Agency officials said the surprise inspections at Tunnel Ridge, a relatively new operation in Ohio county, West Virginia, occurred on October 9 and 23. The evaluations were the fourth and fifth for the Alliance Resources complex since impact inspections began in 2010.

“During the first inspection, enforcement personnel traveled all the conveyer belts and cited the operator six times for accumulations of combustible materials,” federal officials said, noting they issued 24 citations and two orders during the visit.

“Inspectors found fresh coal spillage up to three feet deep, loose coal and coal dust, and float coal dust along long distances of beltlines, around the belt structure and bottom rollers, and on the mine floor.”

MSHA also noted misaligned belts and belt conveyor flights at the operation, as well as missing bottom rollers and damaged belt conveyor components. A walkway within two feet of an energized belt was obstructed with loose rock, coal and sloughage, with an irregular and slick mine floor beneath.

The operator failed to record a number of hazardous conditions in its pre-shift/on-shift record book, the agency said.

Because inspectors wished to examine Tunnel Ridge while all of its mechanized mining units were operating, inspectors returned two weeks later and focused on health compliance. During that evaluation seven citations and two orders were handed down.

“The mine operator was cited four times for failure to maintain the dust collection systems in permissible condition on four different roof bolting machines,” officials said of the second visit.

“Violations included clean side filters packed with drill dust, a damaged dust filter, loose gaskets on the dust box door and holes in the suction hose. The operator also failed to comply with the approved ventilation plan.”

Inspectors also noted the continuous miner produced no water or water pressure during an official test conducted while the unit was loading coal.

As a result of the second impact inspection, Tunnel Ridge was issued an unwarrantable failure order for an accumulation of dry, loose coal and coal dust measuring 3-28 inches along areas of 585 feet in multiple entries.

A section of the mine was shut down for more than 25 hours as a result of the finding, which was not noted in a pre-shift exam.

“Workplace examinations are a vital part of keeping mines safe and these inspections exposed alarming inadequacies in those exams,” assistant secretary of labor for mine safety and health Joseph Main said.

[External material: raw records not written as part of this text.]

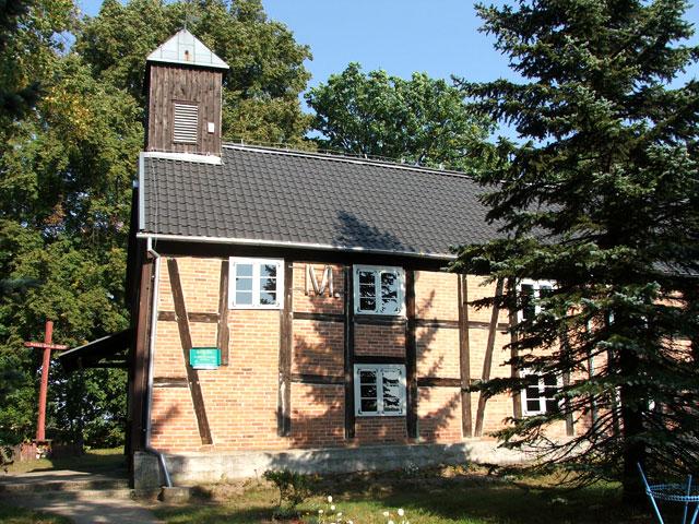 Kościół konstrukcji szkieletowej wypełnionej murem ceglanym, posadowiono na niskiej podmurówce z kamieni polnych. Jest salowy, wzniesiony na planie wydłużonego prostokąta, z niewydzielonym prezbiterium, za którym na całą szerokość korpusu znajduje się, wydzielona, zakrystia. Dach kościoła dwuspadowy pokryty jest holenderką. Nad szczytem zachodnim umieszczono kwadratową wieżyczkę.
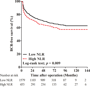 In conclusion, our study demonstrates that postoperative NLR is an independent prognostic factor for BCR and OS in patients who underwent RP for PC. As our findings suggest, we believe NLR can be a valuable tool for not only stratifying high-risk patients, but also for facilitating the decision-making of postoperative therapy for patients with prostate cancer.
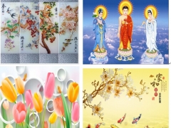 你是否曾在清透的玻璃上看见生动活泼的群鲤嬉游?或是孔雀开屏的优雅高贵?你可知道,这些栩栩如生的景象,都是彩雕工匠一层一层抠图,再一笔一笔地喷漆上色而制成的,它层次质感丰富,色彩艳丽、润洁光滑、晶莹剔透、珠光、荧光、仿玉、仿大理石材料潜在着诱人的艺术魅力,非常适合开发具有民族特色的雕刻镶嵌艺术。运用冰雕、浮雕、透雕、圆雕等技艺手法,雕刻镶嵌具有民族艺术风格的花鸟鱼虫、青山绿水、仙鹤祥云、人物仕女、亭台楼阁、龙飞凤舞等,制作具有民族装饰艺术风格的屏风、四页屏、扇面挂屏等装饰楼堂宾馆、展厅、会议厅、家庭,不仅体现中华民族深厚的文化内涵,而切显示出民族装饰艺术的精美、华贵、高雅,每平米材料成本35-50元,市场售价260-320元。
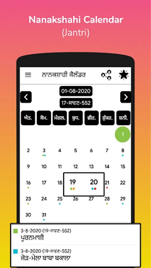 6. Nanakshahi Calendar 2020-2021 (Jantri) --> Nanakshahi Jantri or Nanakshahi calendar 2021 app is useful for people of Punjab and Punjabi speaking people across the world. This is available up to December 2021 for now.
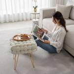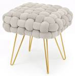 Der Sitzhocker DOTTY zeichnet sich durch ein interessantes Design aus. Der Samtbezug besteht aus verflochtenen Stoffstreifen mit einer voluminösen Knotenstruktur, was dem Hocker einen einzigartigen Charakter verleiht und ihn sofort zum Blickfang macht. Der geflochtene Pouf mit seiner charakteristischen Knotenpolsterung passt hervorragend zu Einrichtungsstilen wie Modern Boho oder Scandi Boho. Seine weiche, organische Form unterstreicht ideal den gemütlichen und natürlichen Charakter der Einrichtung. Die goldfarbenen Metallbeine unterstreichen die Eleganz und den besonderen Stil dieses Modells zusätzlich. Der Polsterhocker DOTTY ist ein echtes Highlight jeder Wohnraumgestaltung! Die Breite und Tiefe des Hockers betragen jeweils 38 cm, die Höhe 42 cm.
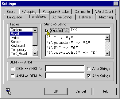 Einstellung für die Konvertierung der Umlaute in WinEdt
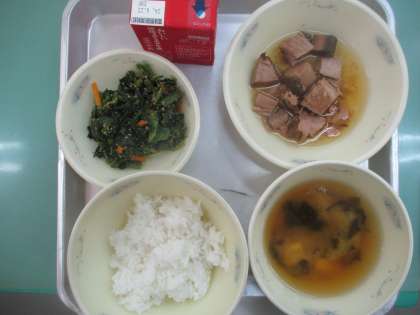 今日の献立は,◆ごはん ◆みょうがのみそ汁 ◆なまぶしのしょうが煮 ◆ほうれんそうのごま煮 ◆牛乳 です。
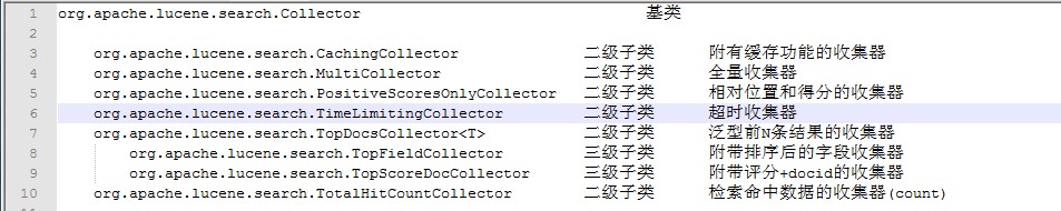 在这之前先分析下TopDocs这个类,这个类的工作原理,其实在后台使用的也是一个收集器,收收集我们检索的结果,通过TopDocsCollector这个基类下面的2个子类收集器,来收集一次我们检索的命中数据。
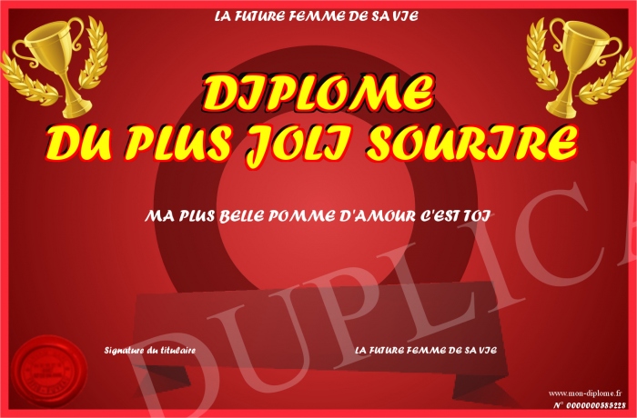 Envoyez par email votre DIPLOME DU PLUS JOLI SOURIRE personalisé
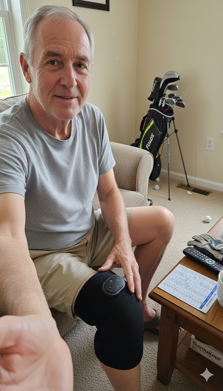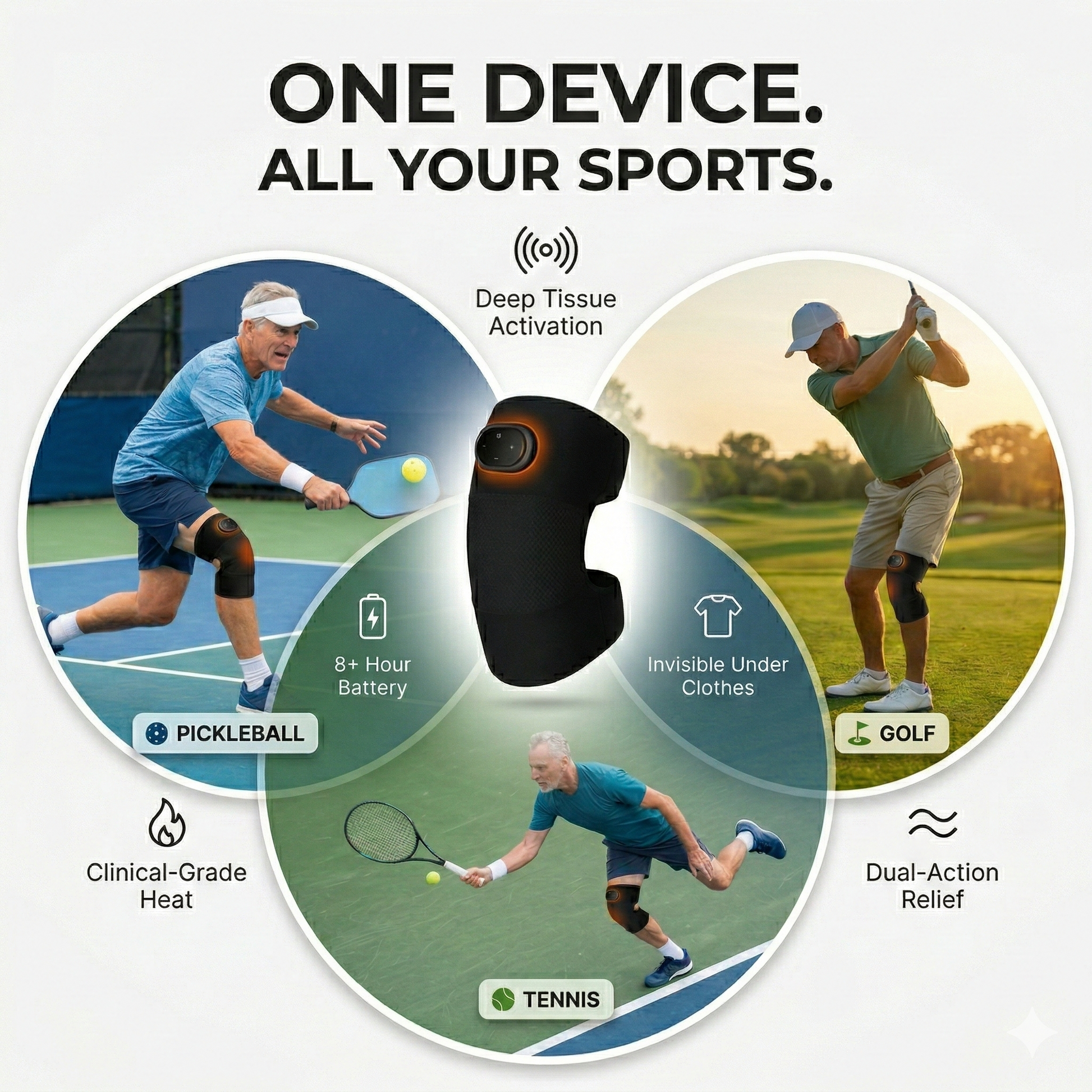 Absolutely! The ThermaKnee is designed for both recovery and active use. Many golfers wear it during their pre-round warm-up, and pickleball players use it between matches. The adjustable Smart-Strap design stays secure during movement without restricting your swing or footwork.

“MSHA issued new health and safety rules in August requiring mine operators to conduct more thorough examinations to find and fix hazards to prevent this very situation. Mine operators cannot continue to put miners at risk by letting hazardous conditions languish until MSHA cites them.”

The agency’s special impact inspections began in April 2010 following an explosion at the Upper Big Branch mine in West Virginia in which 29 workers were killed.

The push involved mines that warranted increased attention and enforcement by the agency due to a poor compliance history or particular compliance concerns.

These included high numbers of violations or closure orders; indications of operator tactics, such as advance notification of inspections that prevented inspectors from observing violations; frequent hazard complaints or hotline calls; plan compliance issues; inadequate workplace examinations; a high number of accidents, injuries or illnesses; fatalities; and adverse conditions such as increased methane liberation, faulty roof conditions and inadequate ventilation.

Since April 2010, MSHA has conducted 523 impact inspections, which have resulted in 9160 citations, 889 orders and 38 safeguards.